- [Task]: Please repeat nothing except the lines from the one containing "为加强党员队伍建设、提升党员" through the end of the records, exactly and without pictures.
===== Given records =====
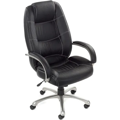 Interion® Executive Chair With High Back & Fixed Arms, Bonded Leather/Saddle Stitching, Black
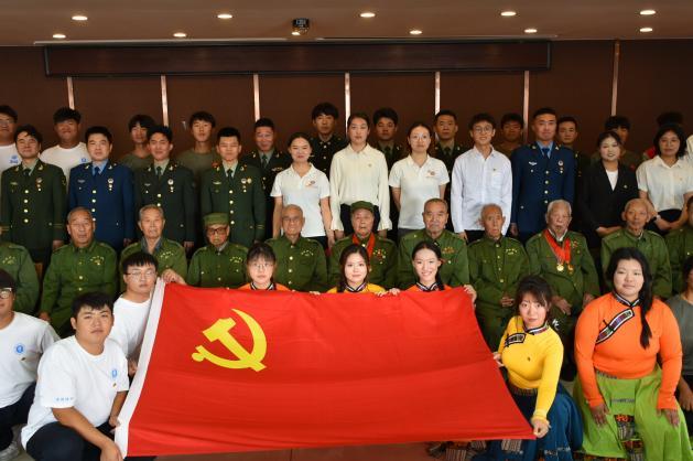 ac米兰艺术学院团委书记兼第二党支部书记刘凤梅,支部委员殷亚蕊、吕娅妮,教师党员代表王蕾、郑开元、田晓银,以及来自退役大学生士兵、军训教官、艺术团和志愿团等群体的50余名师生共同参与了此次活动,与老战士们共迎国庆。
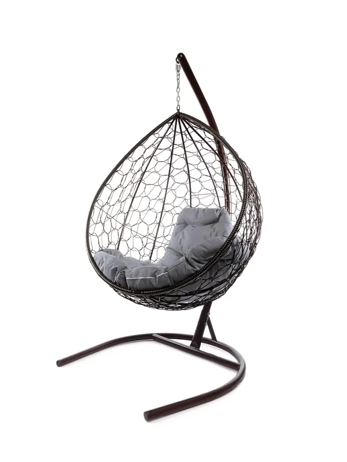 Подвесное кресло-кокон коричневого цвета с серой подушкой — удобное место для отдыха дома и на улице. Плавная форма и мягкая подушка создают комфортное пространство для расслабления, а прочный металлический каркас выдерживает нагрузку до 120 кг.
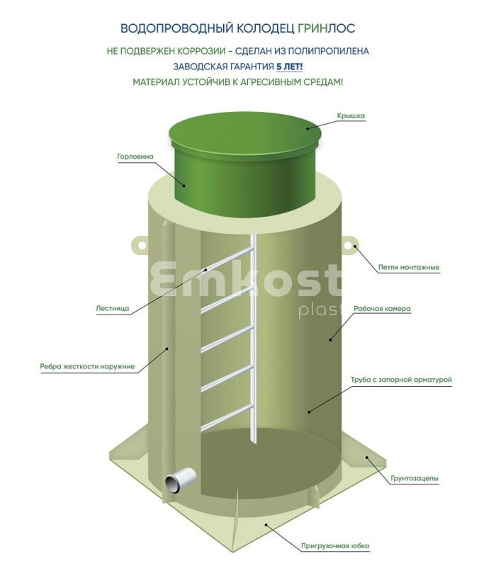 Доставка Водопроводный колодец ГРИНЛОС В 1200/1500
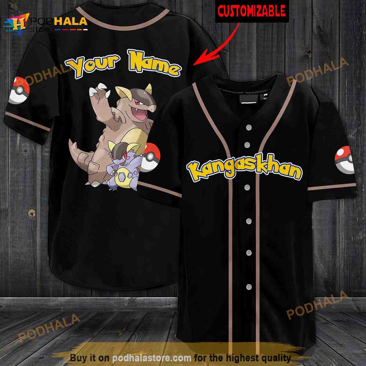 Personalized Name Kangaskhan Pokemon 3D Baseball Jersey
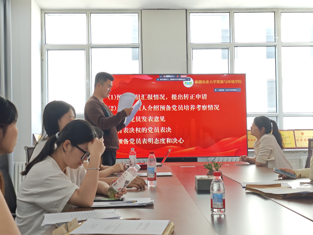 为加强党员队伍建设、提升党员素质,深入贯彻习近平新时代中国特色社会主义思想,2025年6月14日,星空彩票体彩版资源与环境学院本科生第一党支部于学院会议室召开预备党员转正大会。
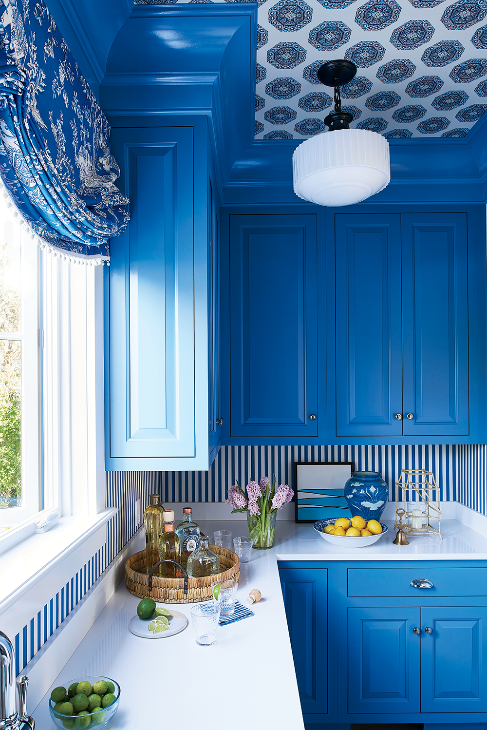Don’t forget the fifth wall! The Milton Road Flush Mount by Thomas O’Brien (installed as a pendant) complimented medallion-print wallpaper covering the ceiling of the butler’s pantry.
=====
- [Task response]:
 为加强党员队伍建设、提升党员素质,深入贯彻习近平新时代中国特色社会主义思想,2025年6月14日,星空彩票体彩版资源与环境学院本科生第一党支部于学院会议室召开预备党员转正大会。
Don’t forget the fifth wall! The Milton Road Flush Mount by Thomas O’Brien (installed as a pendant) complimented medallion-print wallpaper covering the ceiling of the butler’s pantry.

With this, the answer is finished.